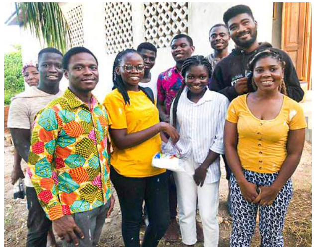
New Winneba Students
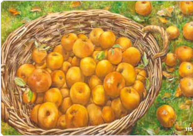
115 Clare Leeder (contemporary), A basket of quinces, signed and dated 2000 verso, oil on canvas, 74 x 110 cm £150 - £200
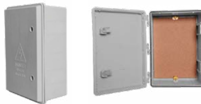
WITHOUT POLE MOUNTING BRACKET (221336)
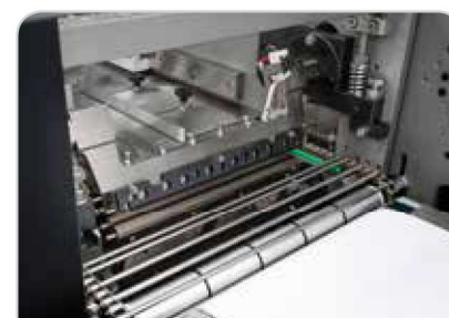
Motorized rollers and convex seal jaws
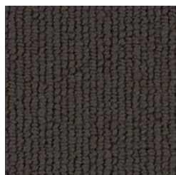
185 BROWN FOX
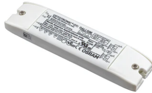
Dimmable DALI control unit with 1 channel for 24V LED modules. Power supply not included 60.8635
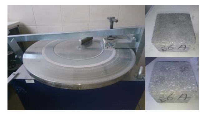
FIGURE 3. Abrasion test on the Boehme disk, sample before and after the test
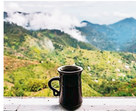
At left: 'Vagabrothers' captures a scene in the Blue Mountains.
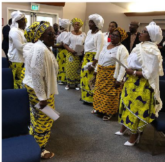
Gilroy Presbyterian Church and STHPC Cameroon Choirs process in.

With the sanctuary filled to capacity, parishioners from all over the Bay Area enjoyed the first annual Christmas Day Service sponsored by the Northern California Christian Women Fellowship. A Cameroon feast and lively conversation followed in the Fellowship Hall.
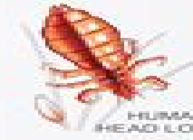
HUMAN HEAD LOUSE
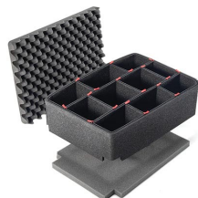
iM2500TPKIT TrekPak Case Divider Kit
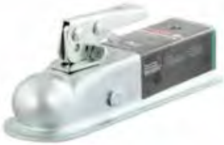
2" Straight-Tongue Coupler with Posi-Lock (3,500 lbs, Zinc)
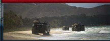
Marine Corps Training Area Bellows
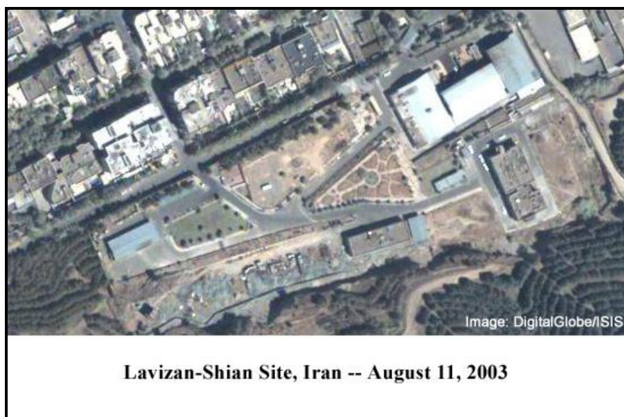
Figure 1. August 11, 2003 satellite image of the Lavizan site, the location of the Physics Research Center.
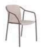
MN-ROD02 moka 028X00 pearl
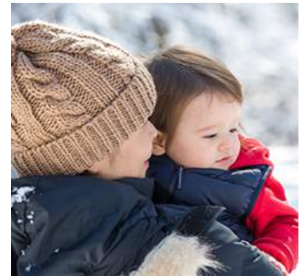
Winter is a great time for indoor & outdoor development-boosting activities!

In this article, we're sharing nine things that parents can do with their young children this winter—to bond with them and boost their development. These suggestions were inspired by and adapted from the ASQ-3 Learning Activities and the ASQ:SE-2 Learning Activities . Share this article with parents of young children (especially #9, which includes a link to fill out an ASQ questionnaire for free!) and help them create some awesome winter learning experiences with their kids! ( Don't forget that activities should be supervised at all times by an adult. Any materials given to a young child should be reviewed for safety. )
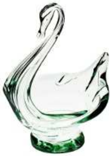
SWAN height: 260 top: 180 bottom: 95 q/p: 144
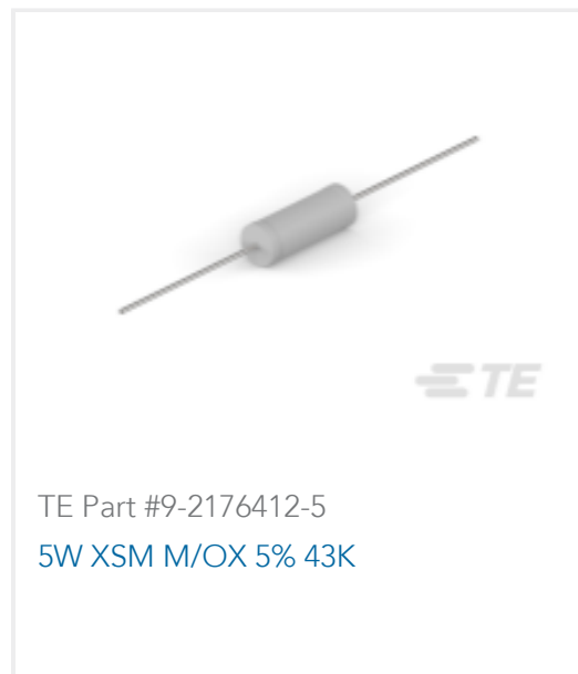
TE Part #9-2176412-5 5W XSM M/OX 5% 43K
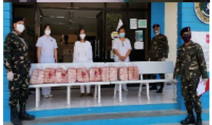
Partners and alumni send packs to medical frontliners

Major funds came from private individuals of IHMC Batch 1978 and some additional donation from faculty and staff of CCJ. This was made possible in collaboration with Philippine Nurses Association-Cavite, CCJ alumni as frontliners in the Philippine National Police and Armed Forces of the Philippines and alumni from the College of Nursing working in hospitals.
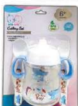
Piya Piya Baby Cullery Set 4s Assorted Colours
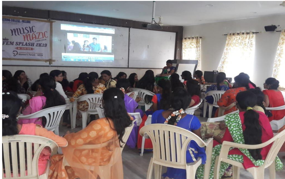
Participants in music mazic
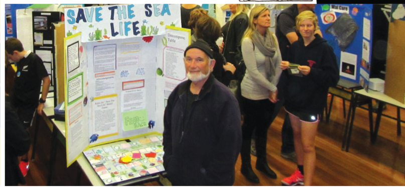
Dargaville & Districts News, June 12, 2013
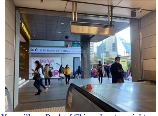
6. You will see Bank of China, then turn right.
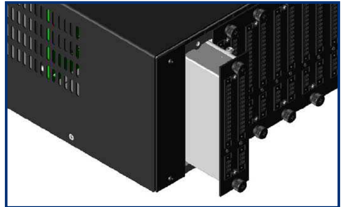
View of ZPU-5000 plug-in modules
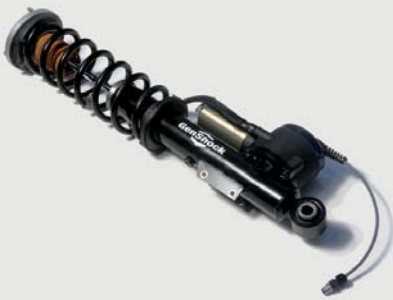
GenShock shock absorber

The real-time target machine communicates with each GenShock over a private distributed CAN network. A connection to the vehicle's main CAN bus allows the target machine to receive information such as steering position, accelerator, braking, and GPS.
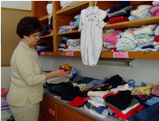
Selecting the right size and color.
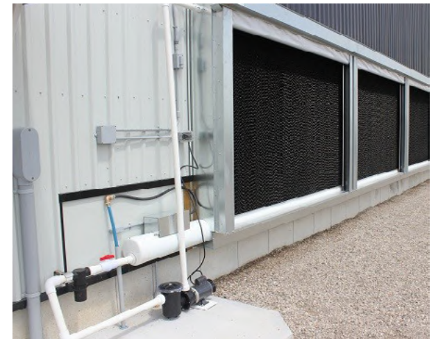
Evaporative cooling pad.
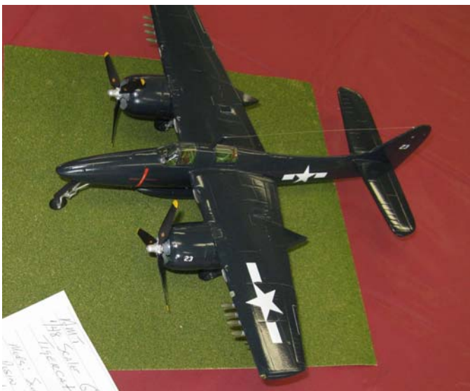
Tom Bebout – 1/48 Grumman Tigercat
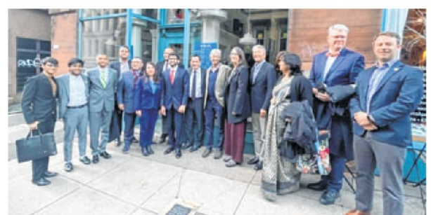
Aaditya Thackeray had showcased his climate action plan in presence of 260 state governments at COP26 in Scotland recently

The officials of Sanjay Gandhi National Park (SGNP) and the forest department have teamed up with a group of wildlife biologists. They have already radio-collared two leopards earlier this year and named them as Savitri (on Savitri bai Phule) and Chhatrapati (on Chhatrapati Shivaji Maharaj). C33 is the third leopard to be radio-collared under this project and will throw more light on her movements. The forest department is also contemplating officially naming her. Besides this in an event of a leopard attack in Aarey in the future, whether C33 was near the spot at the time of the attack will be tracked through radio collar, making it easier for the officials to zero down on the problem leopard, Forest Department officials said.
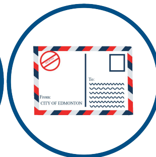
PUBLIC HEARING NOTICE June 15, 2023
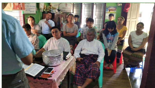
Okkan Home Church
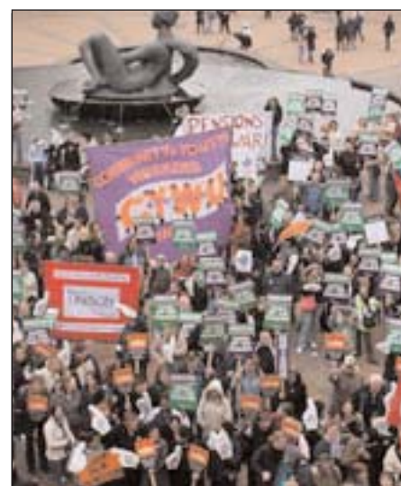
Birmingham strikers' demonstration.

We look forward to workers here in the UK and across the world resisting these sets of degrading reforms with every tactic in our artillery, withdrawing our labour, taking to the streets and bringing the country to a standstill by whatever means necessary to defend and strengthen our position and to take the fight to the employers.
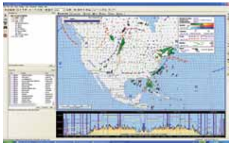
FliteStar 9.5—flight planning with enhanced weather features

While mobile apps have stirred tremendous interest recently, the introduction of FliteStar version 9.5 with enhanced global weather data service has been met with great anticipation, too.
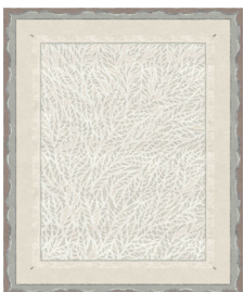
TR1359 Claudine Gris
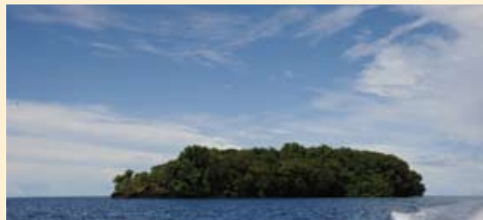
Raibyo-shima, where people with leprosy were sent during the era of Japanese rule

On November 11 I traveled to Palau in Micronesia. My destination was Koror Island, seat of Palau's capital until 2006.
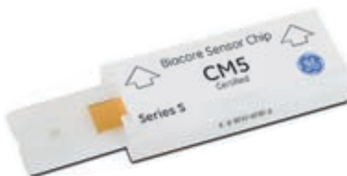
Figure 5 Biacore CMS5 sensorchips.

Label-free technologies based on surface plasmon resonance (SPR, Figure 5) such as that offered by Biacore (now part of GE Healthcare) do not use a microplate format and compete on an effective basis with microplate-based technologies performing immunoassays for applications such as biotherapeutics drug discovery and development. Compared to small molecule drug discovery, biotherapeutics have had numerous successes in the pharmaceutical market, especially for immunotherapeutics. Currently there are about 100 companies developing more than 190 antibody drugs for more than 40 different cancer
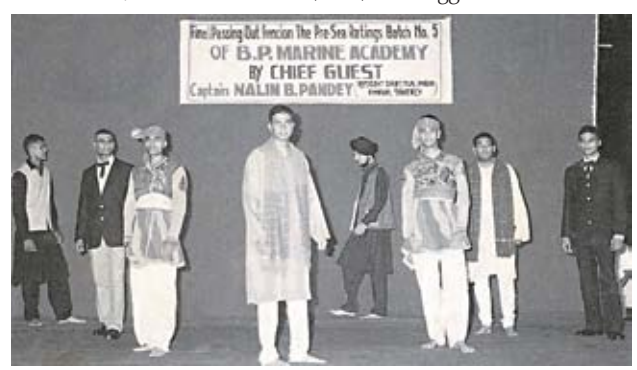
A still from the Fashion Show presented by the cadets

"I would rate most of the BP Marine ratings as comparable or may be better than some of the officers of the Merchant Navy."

- - -

YOUR OBJECTIVE: Copy each line of the material above exactly, but not the images.

EXERCISE ANSWER:
New Winneba Students
115 Clare Leeder (contemporary), A basket of quinces, signed and dated 2000 verso, oil on canvas, 74 x 110 cm £150 - £200
WITHOUT POLE MOUNTING BRACKET (221336)
Motorized rollers and convex seal jaws
185 BROWN FOX
Dimmable DALI control unit with 1 channel for 24V LED modules. Power supply not included 60.8635
FIGURE 3. Abrasion test on the Boehme disk, sample before and after the test
At left: 'Vagabrothers' captures a scene in the Blue Mountains.
Gilroy Presbyterian Church and STHPC Cameroon Choirs process in.

With the sanctuary filled to capacity, parishioners from all over the Bay Area enjoyed the first annual Christmas Day Service sponsored by the Northern California Christian Women Fellowship. A Cameroon feast and lively conversation followed in the Fellowship Hall.
HUMAN HEAD LOUSE
iM2500TPKIT TrekPak Case Divider Kit
2" Straight-Tongue Coupler with Posi-Lock (3,500 lbs, Zinc)
Marine Corps Training Area Bellows
Figure 1. August 11, 2003 satellite image of the Lavizan site, the location of the Physics Research Center.
MN-ROD02 moka 028X00 pearl
Winter is a great time for indoor & outdoor development-boosting activities!

In this article, we're sharing nine things that parents can do with their young children this winter—to bond with them and boost their development. These suggestions were inspired by and adapted from the ASQ-3 Learning Activities and the ASQ:SE-2 Learning Activities . Share this article with parents of young children (especially #9, which includes a link to fill out an ASQ questionnaire for free!) and help them create some awesome winter learning experiences with their kids! ( Don't forget that activities should be supervised at all times by an adult. Any materials given to a young child should be reviewed for safety. )
SWAN height: 260 top: 180 bottom: 95 q/p: 144
TE Part #9-2176412-5 5W XSM M/OX 5% 43K
Partners and alumni send packs to medical frontliners

Major funds came from private individuals of IHMC Batch 1978 and some additional donation from faculty and staff of CCJ. This was made possible in collaboration with Philippine Nurses Association-Cavite, CCJ alumni as frontliners in the Philippine National Police and Armed Forces of the Philippines and alumni from the College of Nursing working in hospitals.
Piya Piya Baby Cullery Set 4s Assorted Colours
Participants in music mazic
Dargaville & Districts News, June 12, 2013
6. You will see Bank of China, then turn right.
View of ZPU-5000 plug-in modules
GenShock shock absorber

The real-time target machine communicates with each GenShock over a private distributed CAN network. A connection to the vehicle's main CAN bus allows the target machine to receive information such as steering position, accelerator, braking, and GPS.
Selecting the right size and color.
Evaporative cooling pad.
Tom Bebout – 1/48 Grumman Tigercat
Aaditya Thackeray had showcased his climate action plan in presence of 260 state governments at COP26 in Scotland recently

The officials of Sanjay Gandhi National Park (SGNP) and the forest department have teamed up with a group of wildlife biologists. They have already radio-collared two leopards earlier this year and named them as Savitri (on Savitri bai Phule) and Chhatrapati (on Chhatrapati Shivaji Maharaj). C33 is the third leopard to be radio-collared under this project and will throw more light on her movements. The forest department is also contemplating officially naming her. Besides this in an event of a leopard attack in Aarey in the future, whether C33 was near the spot at the time of the attack will be tracked through radio collar, making it easier for the officials to zero down on the problem leopard, Forest Department officials said.
PUBLIC HEARING NOTICE June 15, 2023
Okkan Home Church
Birmingham strikers' demonstration.

We look forward to workers here in the UK and across the world resisting these sets of degrading reforms with every tactic in our artillery, withdrawing our labour, taking to the streets and bringing the country to a standstill by whatever means necessary to defend and strengthen our position and to take the fight to the employers.
FliteStar 9.5—flight planning with enhanced weather features

While mobile apps have stirred tremendous interest recently, the introduction of FliteStar version 9.5 with enhanced global weather data service has been met with great anticipation, too.
TR1359 Claudine Gris
Raibyo-shima, where people with leprosy were sent during the era of Japanese rule

On November 11 I traveled to Palau in Micronesia. My destination was Koror Island, seat of Palau's capital until 2006.
Figure 5 Biacore CMS5 sensorchips.

Label-free technologies based on surface plasmon resonance (SPR, Figure 5) such as that offered by Biacore (now part of GE Healthcare) do not use a microplate format and compete on an effective basis with microplate-based technologies performing immunoassays for applications such as biotherapeutics drug discovery and development. Compared to small molecule drug discovery, biotherapeutics have had numerous successes in the pharmaceutical market, especially for immunotherapeutics. Currently there are about 100 companies developing more than 190 antibody drugs for more than 40 different cancer
A still from the Fashion Show presented by the cadets

"I would rate most of the BP Marine ratings as comparable or may be better than some of the officers of the Merchant Navy."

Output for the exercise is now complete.